On October 29, Denver police and city employees dismantled a homeless encampment, home to over a hundred individuals, near the Denver Rescue Mission, and cordoned it off with police tape. After about a hundred campers relocated to the South Platte River, the city again dismantled their encampment.
These latest sweeps are renewed attacks on the city’s homeless population after escalating sweeps throughout 2015 and 2016 saw the City and County of Denver become embroiled in a class action lawsuit. Plaintiffs and lawyers argued that certain rights were violated when the city confiscated belongings.
Nowhere to go
The city says that by taking away tents and blankets, they are pushing campers into shelters and protecting them from winter weather and unsanitary conditions. Denver officials claim that there are “hundreds” of beds that remain vacant throughout the shelter network each night.
However, there are many known, good reasons why people do not use the shelters, as Denver Homeless Out Loud, a homeless-advocacy group, has documented.
The beds are little more than mats and have bedbugs. Many women and transgender people feel that shelters are not much safer than the streets. There are complaints of being ordered around, forced to take urine tests or listen to preaching. However good the intentions behind it, the shelter system simply does not represent a safe, healthy, dignified housing option for many people.
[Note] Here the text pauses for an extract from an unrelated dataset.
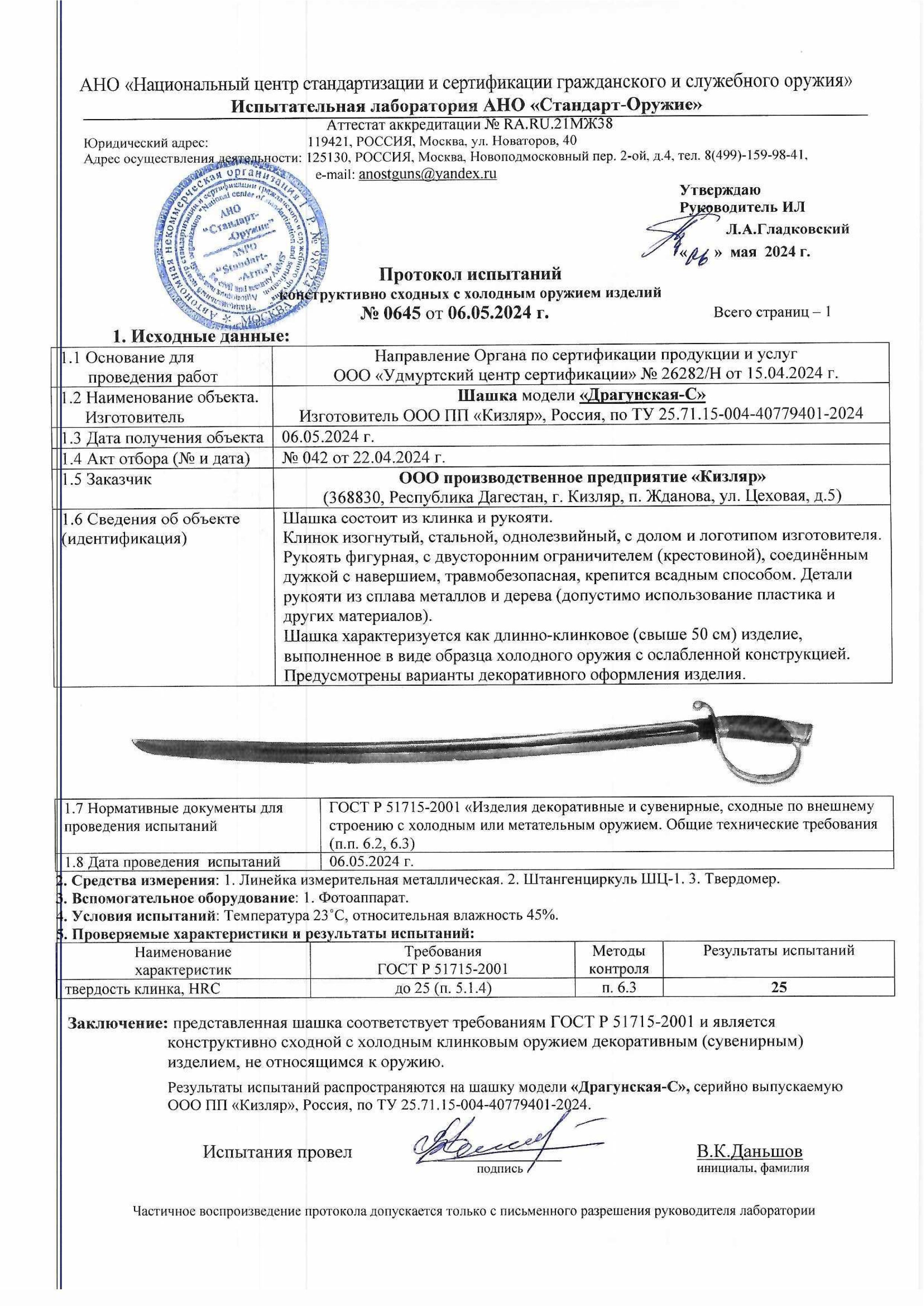 Шашка боевая "ТКВ-2" посеребрение
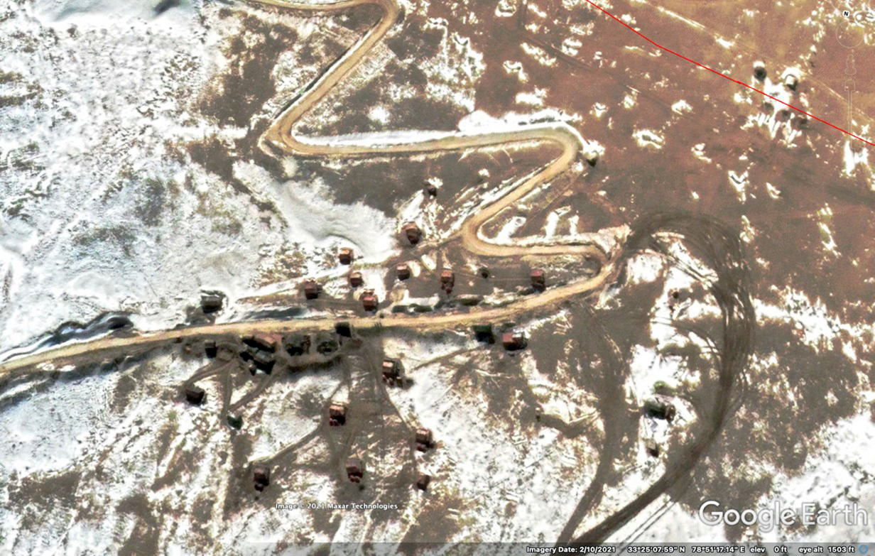- Google Earth/Maxar Technologies image, 2/10/2021, at 33 30 16N 78 51 54E. Return to text.

Housing for profit, not for people’s needs
Denver’s housing affordability is declining faster than almost anywhere else in the U.S. Rents have increased about 50 percent since 2010. About half of Denver’s roughly 150,000 renting households spend more than 30 percent of their income on housing, and of those, nearly half spend the majority of their income on rent. As a result, there has been a rise in both the number of people without a steady home and the number of people without shelter at all. On one night in 2018, the Colorado Coalition for the Homeless counted over 5,000 people without homes. Of those, 1,600 were chronically homeless.
Instead of providing more affordable housing, which is clearly needed, developers build housing meant for the upper end of the market. Meanwhile, Denver officials have doubled down on “cleaning up” neighborhoods as part of the process of gentrifying them.
Under the capitalist approach to housing and development, housing is considered a commodity and not a right. Little is done to ensure that people’s housing needs are met, and the state often goes out of its way to terrorize the homeless on behalf of real estate profiteers. The thousands of human beings struggling to survive without housing in cold weather are considered less important than the profits of a few developers.
Right to thrive
Recently, a ballot initiative known as the “Right To Survive” measure was approved for the May 2019 municipal elections. This initiative will ask voters whether to reverse the city’s so-called “camping ban,” allowing the homeless population to exist in public spaces with less fear of repression from law enforcement.
The decriminalization of homelessness is a must. No one should be harassed or punished for sleeping where they choose, when housing is out of reach for so many.
Obviously, however, this does not go far enough. All human beings deserve the right to safe, adequate shelter, but this is not being provided for the people. Instead, wealthy land developers are disproportionately catering to the most profitable, high-end buyers and building housing that most working people can’t afford. Only a socialist system, where housing is considered a right and not a commodity to be sold to the highest bidder, can safely and adequately address homelessness—by eliminating it.